SOURCE DATA: Begin

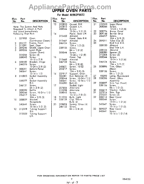 Parts for Whirlpool RE963PXKT2: 09 - Section Parts
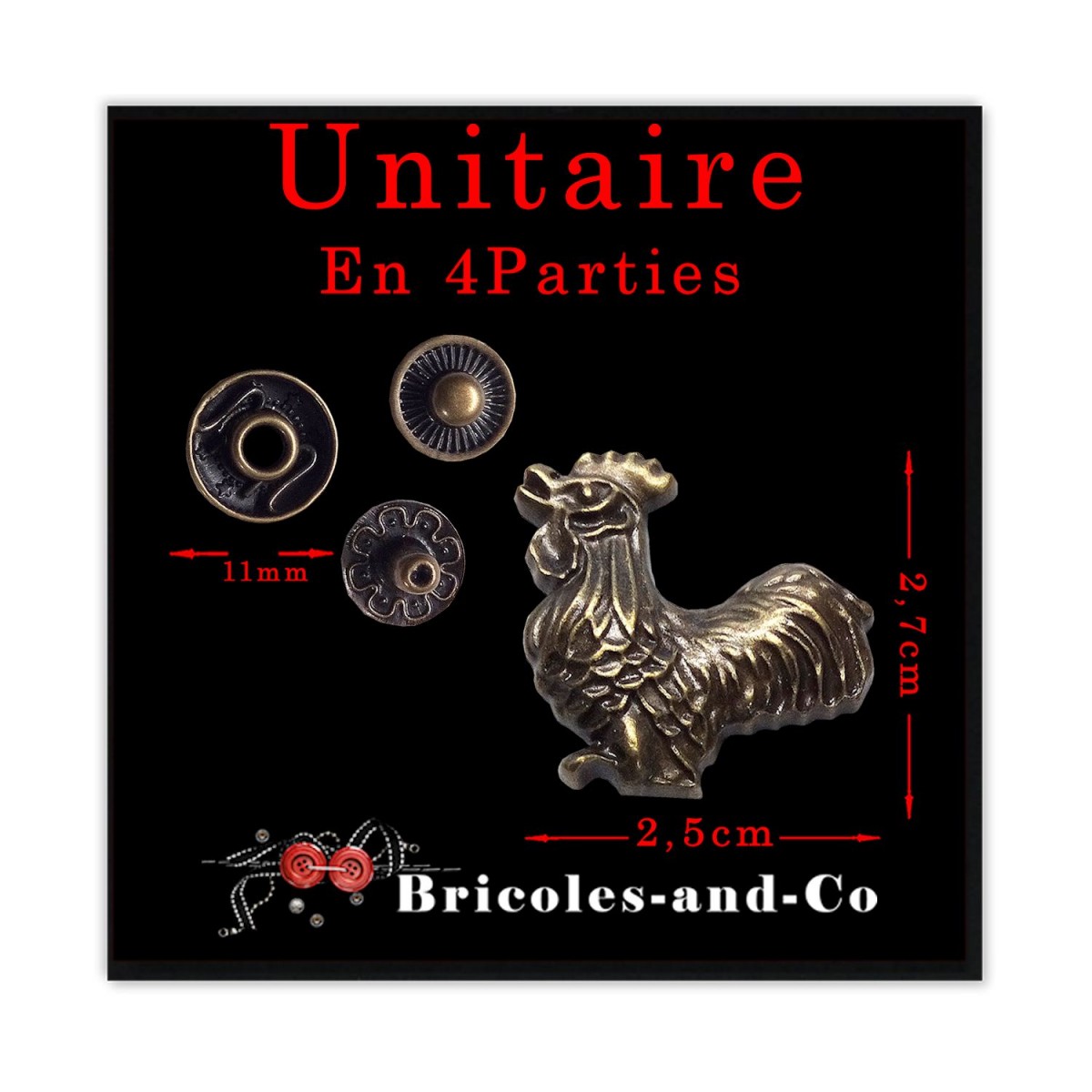 Unitaire en 4 parties : Rivet, coq, bronze,
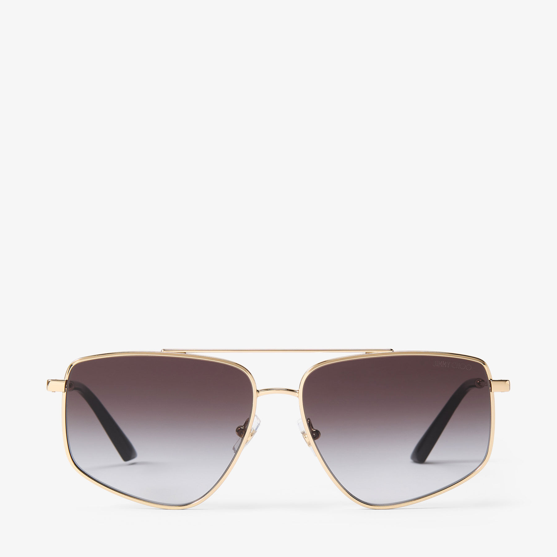 Details, Care & Fit The Alyssa sunglasses are a modern update to a classic avaiator silhouette. They feature brown gradient shaded lenses and are complimented by our signature Jimmy Choo logo. - Acetate - Bio-nylon lenses - Grey gradient shaded lenses - Metal - Aviator frame - Jimmy Choo logo - 100% UVA and UVB protection - Presented with a Jimmy Choo case and cleaning pouch - Lens width: 5.8cm - Bridge length: 1.4cm - Temple length: 14cm - Made in Italy
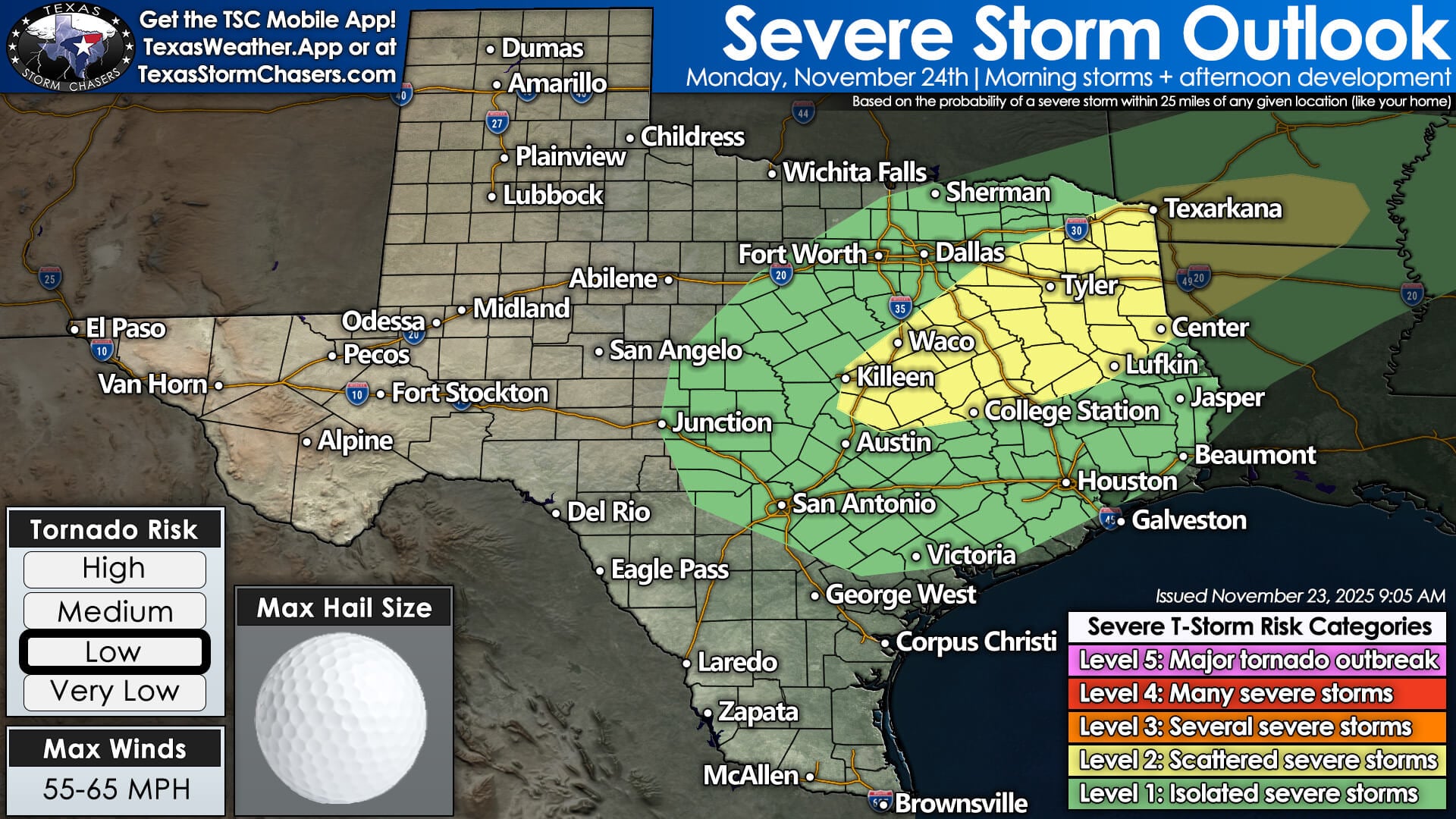 Most of the Hill Country, South Central Texas, South Texas, and Edwards Plateau will end up on the quieter, southern side of the system. Isolated storms may occur, but widespread severe weather or significant flooding is not expected south of I-10 and west of I-35.

SOURCE DATA: End

Please output all the data exactly as given, with the pictures omitted.

• _ANSWER SPACE_
 Parts for Whirlpool RE963PXKT2: 09 - Section Parts
 Unitaire en 4 parties : Rivet, coq, bronze,
 Details, Care & Fit The Alyssa sunglasses are a modern update to a classic avaiator silhouette. They feature brown gradient shaded lenses and are complimented by our signature Jimmy Choo logo. - Acetate - Bio-nylon lenses - Grey gradient shaded lenses - Metal - Aviator frame - Jimmy Choo logo - 100% UVA and UVB protection - Presented with a Jimmy Choo case and cleaning pouch - Lens width: 5.8cm - Bridge length: 1.4cm - Temple length: 14cm - Made in Italy
 Most of the Hill Country, South Central Texas, South Texas, and Edwards Plateau will end up on the quieter, southern side of the system. Isolated storms may occur, but widespread severe weather or significant flooding is not expected south of I-10 and west of I-35.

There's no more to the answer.